Brown’s book is a page-turner, though it’s not necessarily my kind of fiction. I like either believable fiction or pure fantasy. This is a mixture. His description of the Louvre and the Mona Lisa and Westminster Abbey brought back recollections of visits years ago. These depictions were real—no Narnia make-believe here. But his story line is not believable—any more than is the rapture in La Haye’s Left Behind series. (I was ready to toss that book in the trash even before I got to the description of a harried husband spotting his wife’s contact lenses in her left behind pile of clothes. As someone who has crawled on the carpet for 40 minutes looking for a lens, I have no time for that kind of fantasy.)

Brown’s fantasy, unlike La Haye’s, however, easily captures the imagination of a more sophisticated audience interested in art and travel and esoteric or feminine religion. But the plot is highly implausible.
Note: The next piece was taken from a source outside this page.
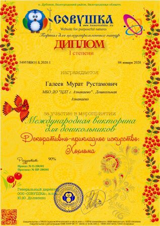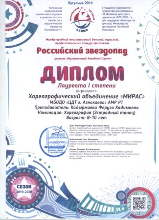 1 место в Международном фествале-конкурсе детского творчества («Мирас», Кадырмаева Ф.К.)

That a man fatally wounded would have the presence of mind to leave complicated clues and codes to an estranged granddaughter he hoped would find his body is as hard to believe as are the succeeding hours filled with more conspiracy theories and spy versus spy intrigue than even the most devoted aficionado of suspense thrillers can digest.

And that a secret the size of Jesus married with children could be kept under wraps for centuries by a group of conspirators defies common sense. Some years ago I interviewed Kenneth Lanning, who was heading an FBI task force investigating claims of satanic ritual murder. Many of the accounts featured conspiracies involving dozens of people. It’s possible to keep secret a crime involving one person, he told me, but as soon as two or three—or dozens of people—are in on the conspiracy, the odds of secrecy are progressively and drastically reduced.

But what I found most disturbing about the book is not its implausible plotline but its false history. Brown’s data on Isaac Newton, Da Vinci, art history and religious orders, and Vatican politics may be historically based. But his purported historical background on the Council of Nicaea is ludicrous—claims that no serious church historian would proffer.

Space does not permit a challenge to Brown here, but his assertion that the Bible was “collated” by Emperor Constantine is laughable. His uncritical acceptance of Gnostic texts is unwarranted, particularly with the anti-Semitic strain that runs through many such writings. And his extolling Mary Magdalene as the wife of Jesus may relate to his own male bias: that a woman needs a husband to attain greatness. Mary was a courageous disciple of Jesus—a single woman. She does not need marriage, even to Jesus, added to her résumé.

But the central issue is Jesus. “If Jesus was only and essentially a first-century Palestinian Jew, then in all likelihood he was married,” writes Paul Jewett in his book Man As Male and Female (Eerdmans, 1975). And if his disciples and succeeding generations thought he was a mere man (as Brown contends) there would have been no reason to cover up his marriage. But, Jewett continues, “if he was the Word made flesh who dwelt among us (John 1:14), then in his person the kingdom of heaven is present, the kingdom in which ‘they neither marry or are given in marriage’” (Luke 20:34-36).

We live in an era in which gospel and culture intersect. Opportunities for witness abound—opportunities we too easily throw in the trash.